Socio-Demographic Characteristics of the Study Participants Attending Follow-up in Katsina General Hospital and Biochemical Indices of the Participants

The participants for the research were made up of 157 (78.5%) female and 43 (21.5%) male subjects (Table 1). Most participants were in the 26-35 and 35-45 age brackets. Over one-third of the study participants, 92 (46%), had not attended primary education but were literate in Qur’anic education, and 11% had post-secondary qualifications. Exactly 55% of the participants were married. More than half of the participants were in very small-scale businesses (60%); 15% were public servants, and the remainder were students and housewives.

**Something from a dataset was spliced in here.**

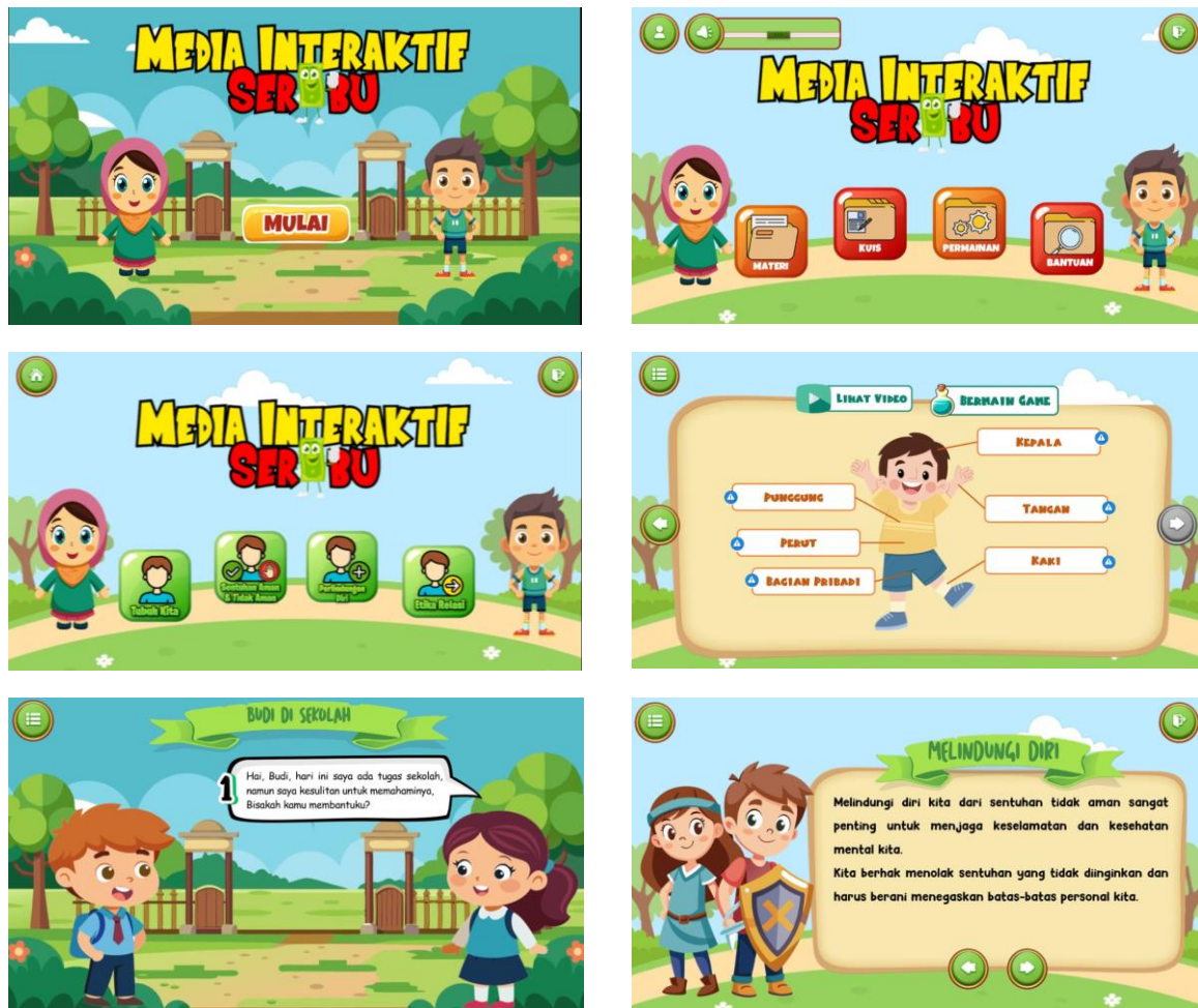
Figure 2. Stages of Design and Development of the SERIBU Application

In the initial stage, namely analysis, researchers conducted a preliminary study in several elementary schools in Serang City to find out the problems and needs of both teachers and students, as well as analyzing the appropriate type of media to use to solve these problems. Furthermore, at the design stage, after conducting analysis, it was found that the appropriate and frequently used media was application media. This stage continues with the design and development of an application that presents information about sexual education through text, animated videos and interesting quizzes to test students' understanding of the material presented.

Assessment of biochemical indices for evaluation of diabetes among the study participants found that six (6) had abnormal glucose levels (diabetes), 22 had impaired fasting plasma glucose, and 138 had normal fasting plasma glucose, as presented in Table 3.

HIV-Diabetes comorbidity

The overall prevalence of diabetes among the study subjects was 3 percent only, with 2.5 percent already reported positive for diabetes among the study subjects. Of the 200 participants, 11 percent reported being tested for non-communicable diseases (NCDs) in the study center. This indicates the need for routine measurement or diagnosis of NCDs in the center to reduce NCD episodes among patients. The study also found that 2% of the diabetes patients had a family history of the disease and were diabetic before being infected with HIV.

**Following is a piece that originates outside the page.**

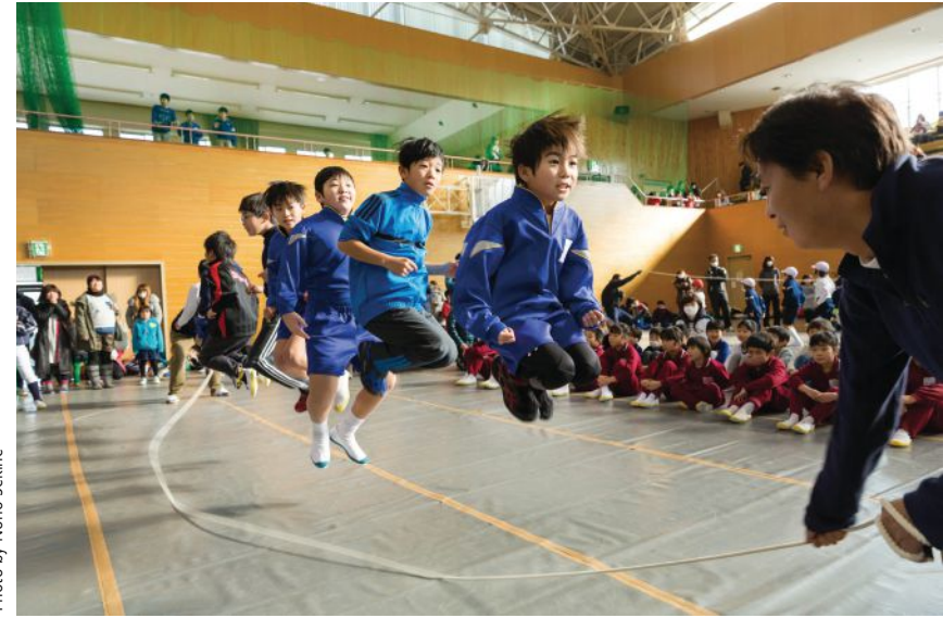
Japanese students compete in the Lions' event.

Takahashi Civic Gymnasium sits on an unassuming street in Takahashi City, but one day annually since 1990 the place is really hopping. Takahashi Lions sponsor a jump rope competition for grade school students. Last year more than 400 students competed in team and individual events. The competitions for the teams typically end relatively swiftly because of the difficulty of jumping together. But matches for individuals often last more than 20 minutes. That leaves the children out of breath and "many adults holding their breath waiting for the winner," according to the Japanese LION.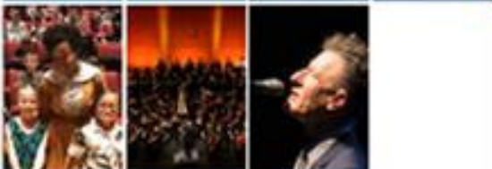
Kids and the Arts, Blue Performance, TOArts Presents

In the present study, 6 participants were diagnosed with diabetes. Of these, 5 were reported in the clinic folder who reported having diabetes during the conduct of the interview. Of all diabetic patients, 4 had a family history of diabetes and had diabetes before being infected. This indicates the role of genetics in determining the fate of diabetes among the participants.

Factors associated with HIV-Diabetes Comorbidity

For HIV-diabetes comorbidity, older age, alcohol, and higher BMI were the factors that predispose HIV patients to diabetes mellitus (DM) comorbidity (Table 5).

Table 1: Socio-demographic of Participants Attending Follow-up in Katsina General Hospital.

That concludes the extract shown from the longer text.